The BFF pattern: app/api/chat/route.ts:

This route handler implements the backend-for-frontend pattern (bff): it reads the backend_api_url, next_public_api_url, attaches x-api-key when mochaic_api_key is set and fetches POST {backend}/api/chat with an AbortController timeout (FRONTEND_TIMEOUT_MS). It maps HTTP status codes to user-facing strings and logs technical detail server-side only, which is a clean separation between operator diagnostics and visitor copy.

Backend: FastAPI application surface:

One startup, lifespan runs init_db() and migrate_from_env_vars() so an empty database can be bootstrapped from environment variables.

Cross-cutting concerns:

CORS from CORS_ORIGIN (comma-separated), with credentials allowed for configured origins.
slowapi rate limiting, i.e. chat requests per minute from env.
Request body size middle, i.e. 10MB cap to reduce DoS surface.
Request ID middleware and structured JSON or text logging.

Chat endpoint (POST /api/chat): depends on verify_api_key because it enforces max message count and per-message length, maps Pydantic messages to plain dicts and calls chat_with_ai.
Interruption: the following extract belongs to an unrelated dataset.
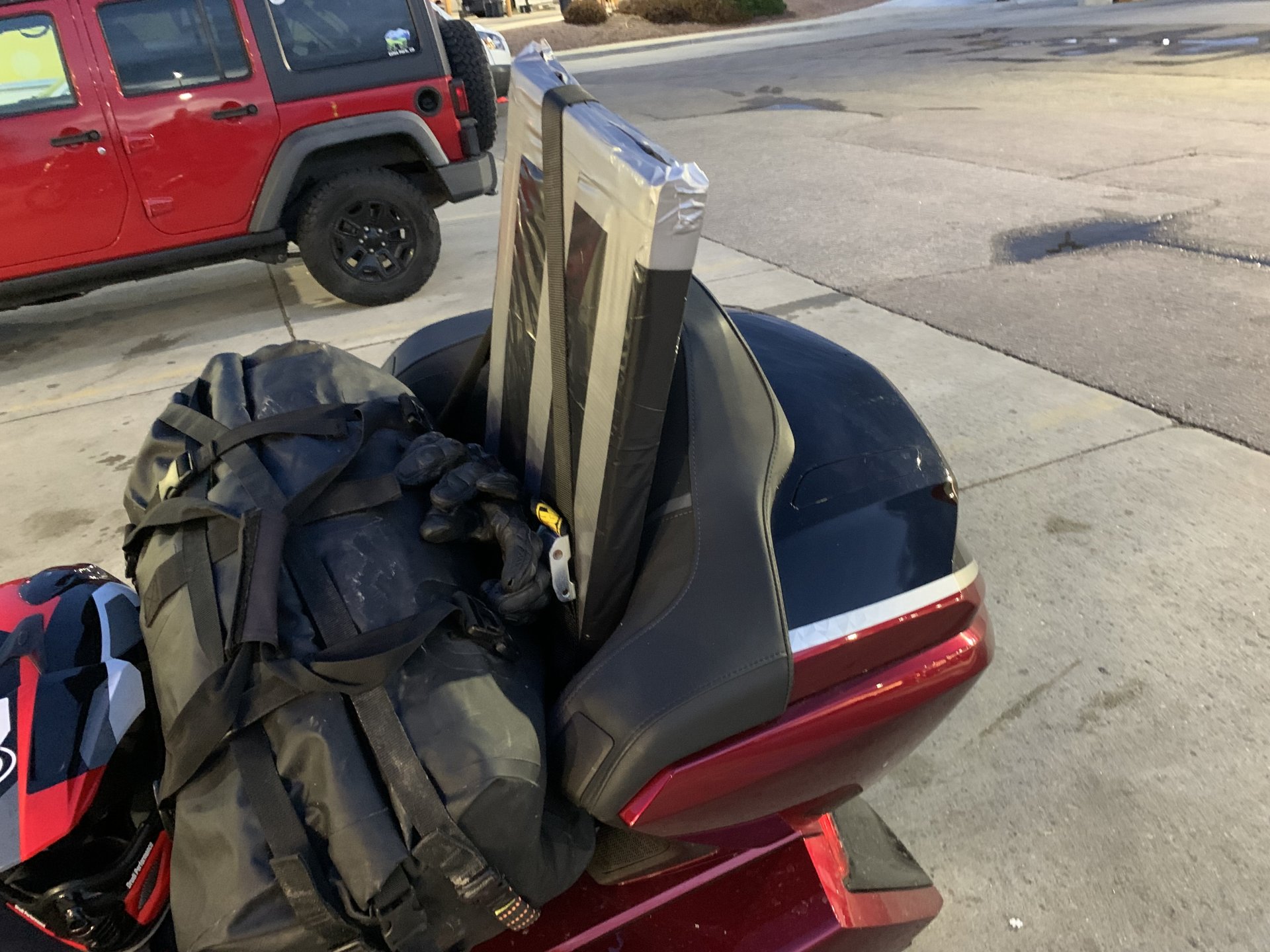 Had a gift for my bud in Missouri - a charcuterie board that I made for him, It was a big bastard and difficult to carry on a bike.

The response is a ChatResponse carrying the full message list (including the new assistant turn), optionally trimmed to a window (for example last 50 messages).

Configuration API: GET/PUT /api/config (and a debug helper!) exposes CompanyConfig for runtime branding and contact details without redeploying prompt text in some setups.

Health: GET/ health reports whether critical env (e.g. OpenAI key, API keys) appears configured which is useful for orchestrators and load balancers.

LLM integration: services.py

get_company_config() (with @lru_cache) resolves company fields from the database with env fallbacks (e.g sales email overridden by SALES_CONTACT_EMAIL).

get_system_prompt() substitues placeholders ({COMPANY_NAME}, {CURRENT_DATE}, etc.) into the default or env-driven OPENAI_SYSTEM_PROMPT.

sanitize_messages() normalises roles, drops empty lines, and strips known filler assistant greetings so the model context stays lean.

chat_with_ai() builds the OpenAI messages array (system message unless already present), reads model and max_tokens from env, and invokes client.chat.completions.create with a retry loop on transient errors (rate limit, connection, timeout). Failures surface as RuntimeError with logging suitable for operators.

Note: today the module may initialise the openAI client at import time and require the openai api key early; operationally, some teams prefer lazy initialisation so /health and non-LLM paths can start without a key.

Data model and configuration:

CompanyConfig stores things like website name, company name, contact channels, description, services (JSON string in DB, list in API) and sales email. What is important to remember is that this can be easily amended to suit the needs of the SME. Migrate_from_env_vars seeds one row when the table is empty and env suggest real configuration; bridging a 12-factor deploy and database-backed multi-tenant-style config later.

Closing thoughts:

Architecturally, Mochaic is a deliberately thin stack, no heavy agent framework, clear separation of concerns (UI to Next BFF to FastAPI to OpenAI) and defence in depth (API key, rate limits, size limits, sanitisation, structured logs). That keeps the system explainable and extendable; whether you add streaming, server-side conversation storage, or RAG later, the seams between layers are already well defined.